* **DATA SUPPLIED**
#####
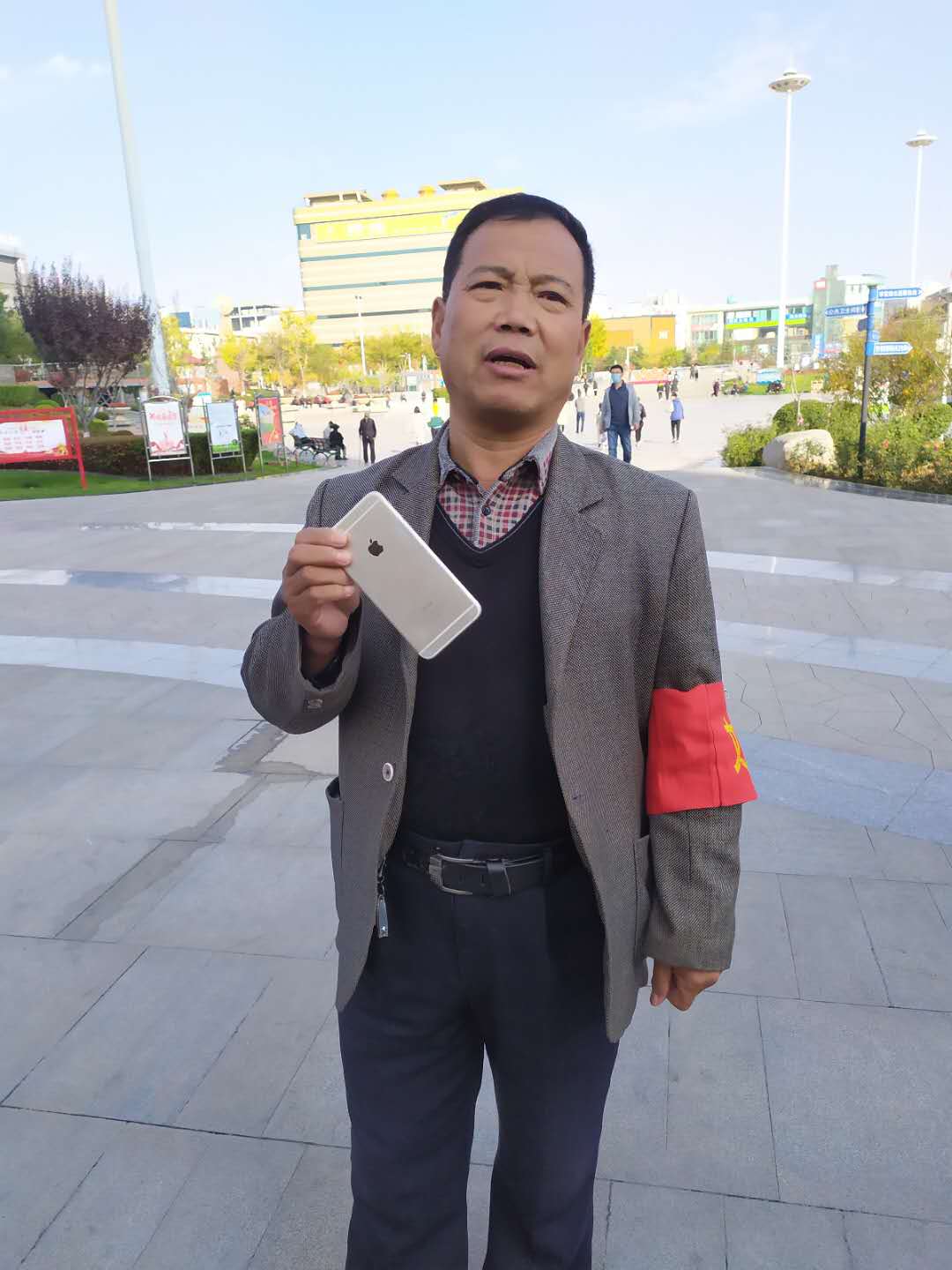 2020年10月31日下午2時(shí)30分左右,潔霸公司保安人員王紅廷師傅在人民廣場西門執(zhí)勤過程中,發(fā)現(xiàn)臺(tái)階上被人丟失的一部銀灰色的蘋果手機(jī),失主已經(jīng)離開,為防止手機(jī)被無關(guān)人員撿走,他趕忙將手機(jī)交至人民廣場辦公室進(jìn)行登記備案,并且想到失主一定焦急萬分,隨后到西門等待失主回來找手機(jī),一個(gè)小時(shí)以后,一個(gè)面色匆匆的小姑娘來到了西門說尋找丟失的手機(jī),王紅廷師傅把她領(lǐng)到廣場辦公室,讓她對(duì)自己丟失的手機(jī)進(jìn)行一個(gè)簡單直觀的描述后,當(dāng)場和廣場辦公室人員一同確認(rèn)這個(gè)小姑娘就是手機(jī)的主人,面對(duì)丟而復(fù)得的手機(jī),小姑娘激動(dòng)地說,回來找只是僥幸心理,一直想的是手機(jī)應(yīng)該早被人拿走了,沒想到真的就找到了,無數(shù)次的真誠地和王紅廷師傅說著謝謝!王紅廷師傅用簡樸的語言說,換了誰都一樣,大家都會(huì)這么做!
#####
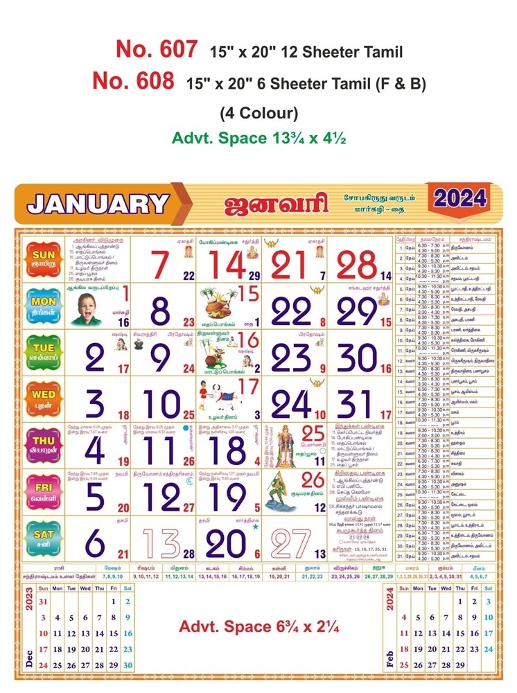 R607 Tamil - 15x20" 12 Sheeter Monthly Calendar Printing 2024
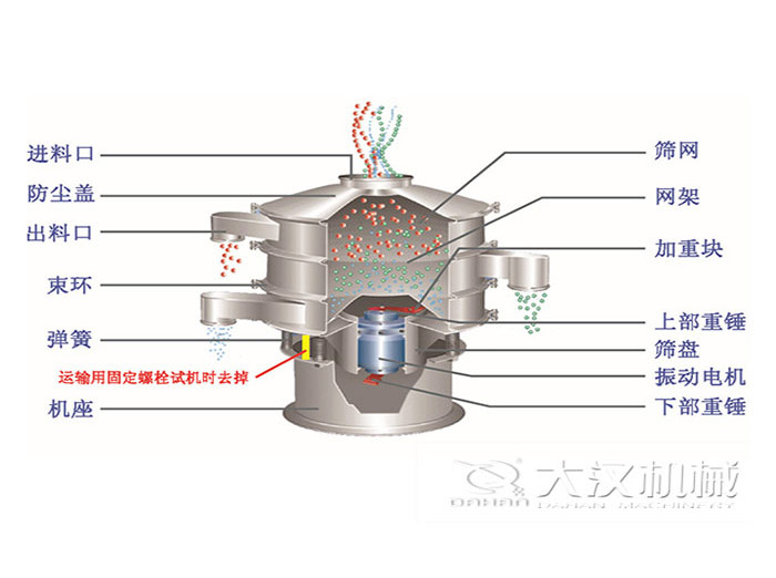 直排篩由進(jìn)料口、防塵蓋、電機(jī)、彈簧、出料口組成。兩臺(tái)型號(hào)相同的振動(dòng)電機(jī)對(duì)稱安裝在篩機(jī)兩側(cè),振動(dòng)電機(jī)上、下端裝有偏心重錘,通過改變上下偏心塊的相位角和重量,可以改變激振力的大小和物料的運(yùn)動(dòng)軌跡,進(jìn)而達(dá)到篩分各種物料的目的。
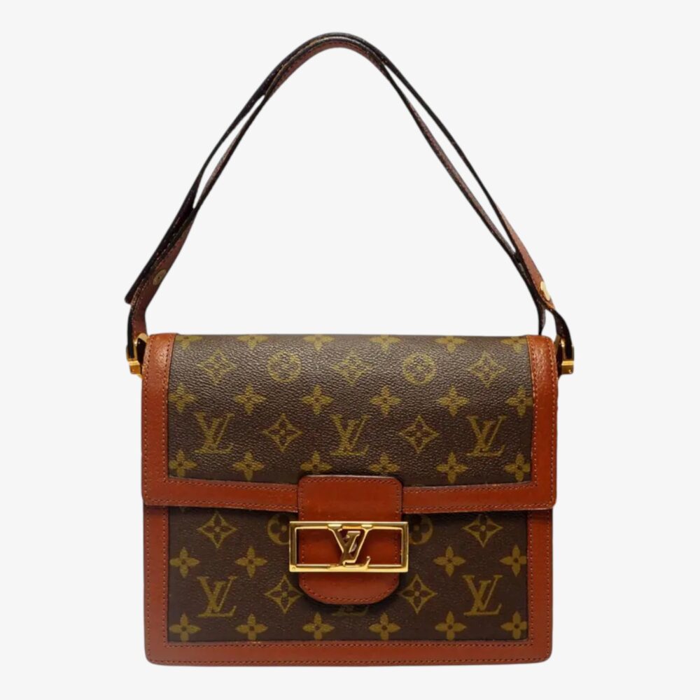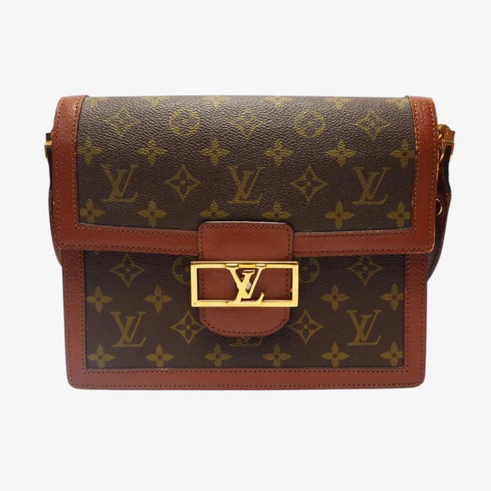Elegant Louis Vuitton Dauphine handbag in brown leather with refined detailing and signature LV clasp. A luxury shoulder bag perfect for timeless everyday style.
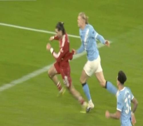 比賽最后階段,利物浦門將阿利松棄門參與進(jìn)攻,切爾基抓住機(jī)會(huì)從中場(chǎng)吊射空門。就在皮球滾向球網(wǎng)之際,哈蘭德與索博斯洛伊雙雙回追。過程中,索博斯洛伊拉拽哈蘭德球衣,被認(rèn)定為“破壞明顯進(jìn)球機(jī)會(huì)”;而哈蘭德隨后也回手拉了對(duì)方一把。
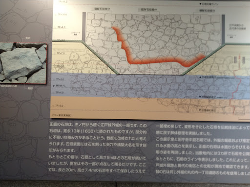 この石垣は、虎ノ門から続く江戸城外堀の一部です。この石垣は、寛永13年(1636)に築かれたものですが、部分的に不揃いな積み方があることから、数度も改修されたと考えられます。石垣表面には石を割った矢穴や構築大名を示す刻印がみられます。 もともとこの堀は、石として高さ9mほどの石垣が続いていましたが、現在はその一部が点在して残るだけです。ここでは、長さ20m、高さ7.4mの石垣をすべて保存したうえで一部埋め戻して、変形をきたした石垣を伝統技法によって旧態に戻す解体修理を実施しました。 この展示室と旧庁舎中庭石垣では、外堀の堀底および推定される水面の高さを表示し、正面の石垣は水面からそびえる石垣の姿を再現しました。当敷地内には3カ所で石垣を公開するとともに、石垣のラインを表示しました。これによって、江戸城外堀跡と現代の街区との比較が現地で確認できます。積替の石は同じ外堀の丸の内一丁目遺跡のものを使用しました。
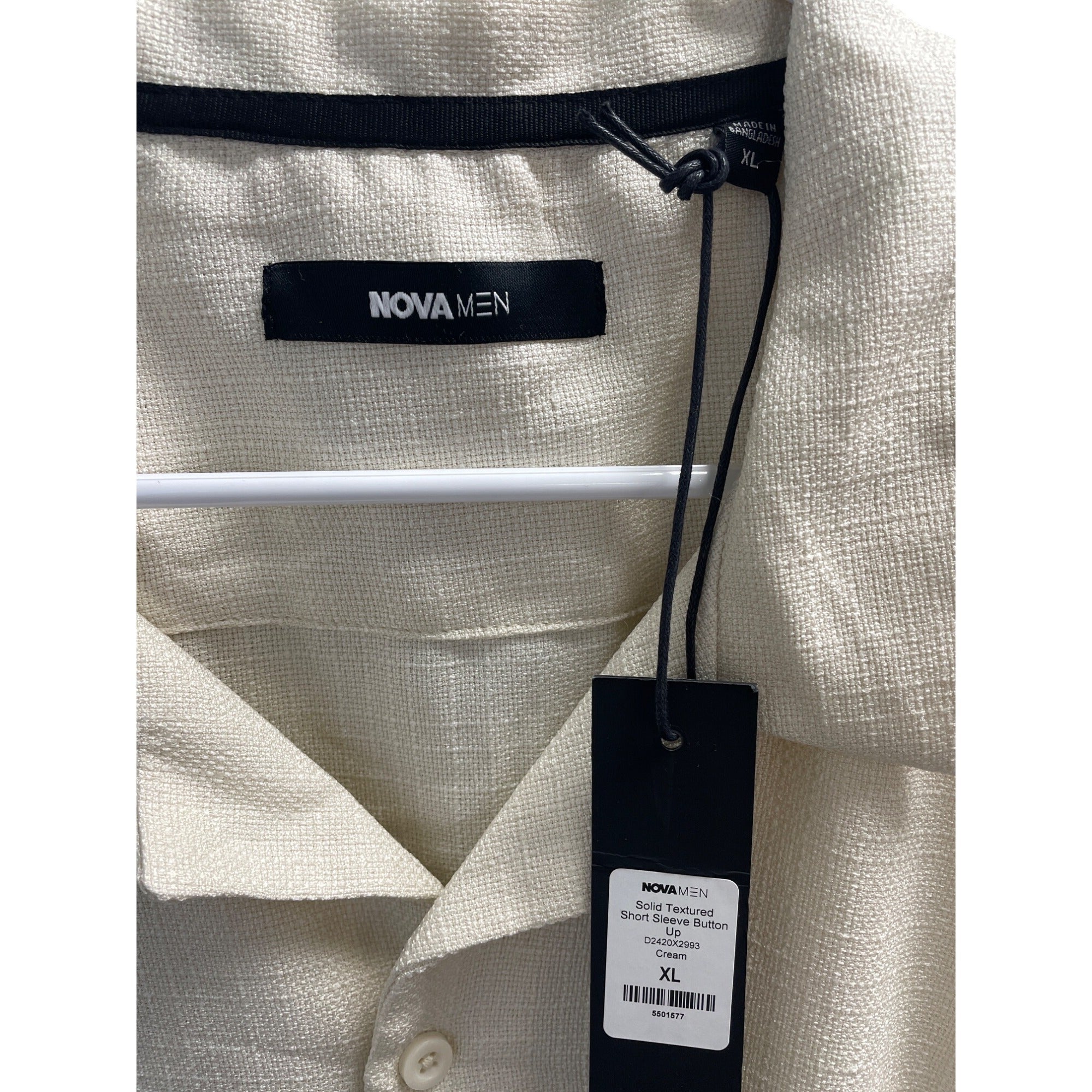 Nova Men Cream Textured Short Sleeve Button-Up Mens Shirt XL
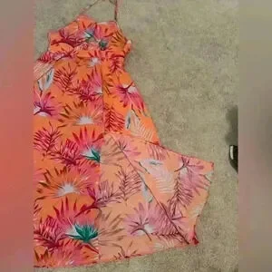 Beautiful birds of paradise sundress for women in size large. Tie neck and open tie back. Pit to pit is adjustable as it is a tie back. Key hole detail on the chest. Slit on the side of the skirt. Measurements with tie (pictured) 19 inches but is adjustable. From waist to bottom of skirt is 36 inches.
#####
* **PROBLEM TO WORK ON**
Print nothing except the lines above from the one containing "直排篩由進(jìn)料口、防" down to the one containing "Beautiful birds of", both included, exactly as written and free of pictures.

* **SOLUTION BELOW**
 直排篩由進(jìn)料口、防塵蓋、電機(jī)、彈簧、出料口組成。兩臺(tái)型號(hào)相同的振動(dòng)電機(jī)對(duì)稱安裝在篩機(jī)兩側(cè),振動(dòng)電機(jī)上、下端裝有偏心重錘,通過改變上下偏心塊的相位角和重量,可以改變激振力的大小和物料的運(yùn)動(dòng)軌跡,進(jìn)而達(dá)到篩分各種物料的目的。
Elegant Louis Vuitton Dauphine handbag in brown leather with refined detailing and signature LV clasp. A luxury shoulder bag perfect for timeless everyday style.
 比賽最后階段,利物浦門將阿利松棄門參與進(jìn)攻,切爾基抓住機(jī)會(huì)從中場(chǎng)吊射空門。就在皮球滾向球網(wǎng)之際,哈蘭德與索博斯洛伊雙雙回追。過程中,索博斯洛伊拉拽哈蘭德球衣,被認(rèn)定為“破壞明顯進(jìn)球機(jī)會(huì)”;而哈蘭德隨后也回手拉了對(duì)方一把。
 この石垣は、虎ノ門から続く江戸城外堀の一部です。この石垣は、寛永13年(1636)に築かれたものですが、部分的に不揃いな積み方があることから、数度も改修されたと考えられます。石垣表面には石を割った矢穴や構築大名を示す刻印がみられます。 もともとこの堀は、石として高さ9mほどの石垣が続いていましたが、現在はその一部が点在して残るだけです。ここでは、長さ20m、高さ7.4mの石垣をすべて保存したうえで一部埋め戻して、変形をきたした石垣を伝統技法によって旧態に戻す解体修理を実施しました。 この展示室と旧庁舎中庭石垣では、外堀の堀底および推定される水面の高さを表示し、正面の石垣は水面からそびえる石垣の姿を再現しました。当敷地内には3カ所で石垣を公開するとともに、石垣のラインを表示しました。これによって、江戸城外堀跡と現代の街区との比較が現地で確認できます。積替の石は同じ外堀の丸の内一丁目遺跡のものを使用しました。
 Nova Men Cream Textured Short Sleeve Button-Up Mens Shirt XL
 Beautiful birds of paradise sundress for women in size large. Tie neck and open tie back. Pit to pit is adjustable as it is a tie back. Key hole detail on the chest. Slit on the side of the skirt. Measurements with tie (pictured) 19 inches but is adjustable. From waist to bottom of skirt is 36 inches.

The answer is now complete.